Biodegradable Packaging That Dissolves in Water

`ECO-FOAM'' packaging looks and acts like polystyrene, until it is immersed in water. Then it disappears like corn starch, which is 95 percent of its content. The material for foam ``peanuts'' that protect goods shipped in boxes boasts three advantages over polystyrene (used in Styrofoam brand packaging), says its manufacturer, American Excelsior:

It generates less solid waste.

It does not produce the ozone-depleting chlorofluorocarbons given off in the manufacture of polystyrene.

It reduces dependency on petroleum.

``People are excited about switching to a raw material grown in this country,'' says Bob Gregerson, president of the manufacturer based in Arlington, Texas. The ingredients of the product are made by National Starch and Chemical in Bridgewater, N.J.
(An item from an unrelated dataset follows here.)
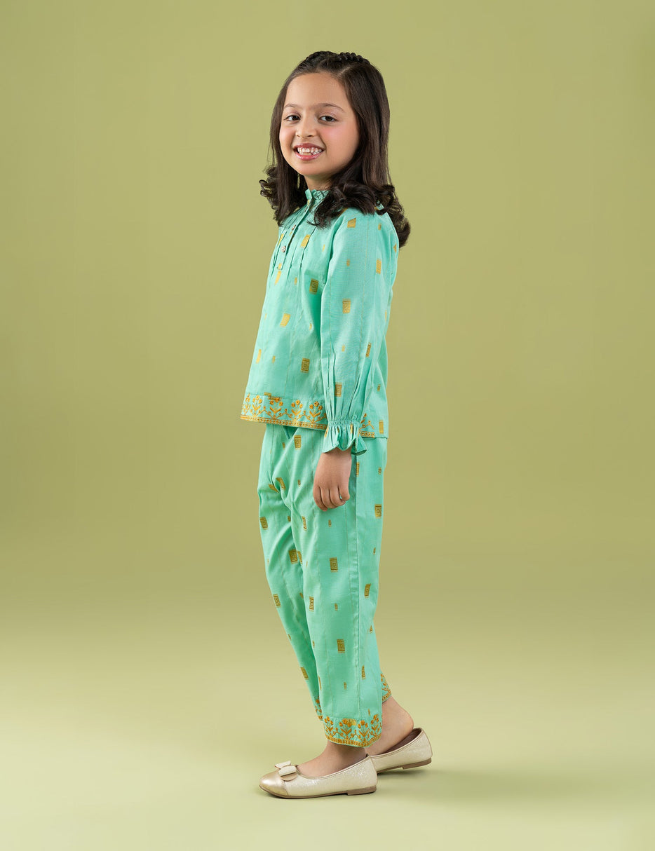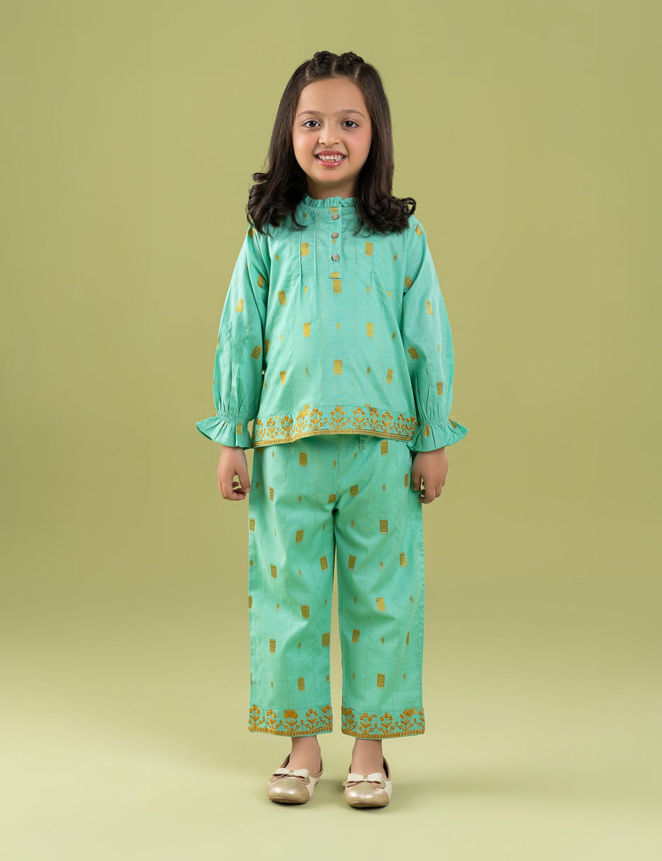 This elegant 2-piece floral embroidered suit for girls is designed to blend comfort with timeless style. Crafted from soft, breathable fabric, the set includes a beautifully embroidered top paired with matching bottoms for a coordinated look. The delicate floral embroidery adds a graceful and charming touch, making it perfect for festive occasions, family gatherings, or special outings. Designed for easy movement and all-day wear, this suit keeps your little one comfortable while looking effortlessly stylish.

Eco-Foam is being unveiled this week in Chicago, where it is available on a limited basis. Within two years, the product will be available nationwide, Mr. Gregerson says. The product is designed to be flushed down the toilet, composted in one's backyard, or washed down the drain, say its makers.

But there are drawbacks: price and disposal concerns.

At $1 per cubic foot, Eco-Foam costs twice as much as polystyrene packaging, but 10 to 30 percent less than other organic packaging matter like popcorn and paper, Gregerson says.

Environmentalists may raise concerns about spreading the material on land and into water supplies.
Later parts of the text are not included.